Almost at once, the FLIR monitor mounted in front of the tactical flight officer began to light up with the strangely beautiful thermal flare of human life: white-glowing forms walking along the beach, lying on dark blankets next to one another, even sitting around in a circle somewhere just south of the Santa Monica Pier. We flew on, quite low to the water, as they explained some of the basics of infrared visualization, and I watched as apparently sleeping forms—white-hot—came into sharp focus, curled up beneath lifeguard structures. There was nowhere to hide, I saw; you could be concealed behind the trunk of a tree yet an eerie glow would still surround you, shining like a halo. It was almost moving: a night flight with the LAPD had inadvertently opened my eyes to this extraordinary human glow, as dense knots of blood vessels burned hot in the coastal night like road flares. This all but supernatural vision of animal life is not only being used more and more to track suspects from above—or, technically, to track their thermal side effects—but it also plays an increasingly vital role in capturing suspects before they can get away.

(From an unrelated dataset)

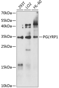 Western blot analysis of extracts of various cell lines, using PGLYRP1 antibody. |

As I looked down out of the helicopter window, the beach was nothing but blackness, silky and absolute, with not a human being in sight; but when I peered back at the monitor, lights were everywhere. They were like fireflies, these humans huddled around one another and listening to the sea.

Where the Money Is

My time with the Air Support Division had revealed the extent to which pilots and tactical flight officers can identify and, more crucially, interrupt the city’s illicit routes and hiding places. Back at ground level, however, I’d become interested in how the city’s freeway infrastructure could be used by criminals not just as a possible route of escape from police capture, but as an urban-scale tool for helping them design better crimes.

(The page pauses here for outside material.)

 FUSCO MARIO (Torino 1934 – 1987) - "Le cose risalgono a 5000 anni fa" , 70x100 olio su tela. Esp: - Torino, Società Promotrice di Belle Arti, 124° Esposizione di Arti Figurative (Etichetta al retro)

In an interesting article published by The New Yorker, author Tad Friend implies that the high-speed chase is, in many ways, a more authentic use of L.A.’s sprawling road network; by comparison, the daily commute was embarrassingly impotent, an automotively timid use of this extraordinary landscape whose very premise is not safety and convenience but personal liberation. Friend suggests that fleeing from the police—often at lethal speeds—while being broadcast live on local television is, well, it’s sort of what the city is for. To focus on L.A.’s legendary traffic is to miss a larger and much stranger point: that crime is often a more effective way to use the fabric of the city.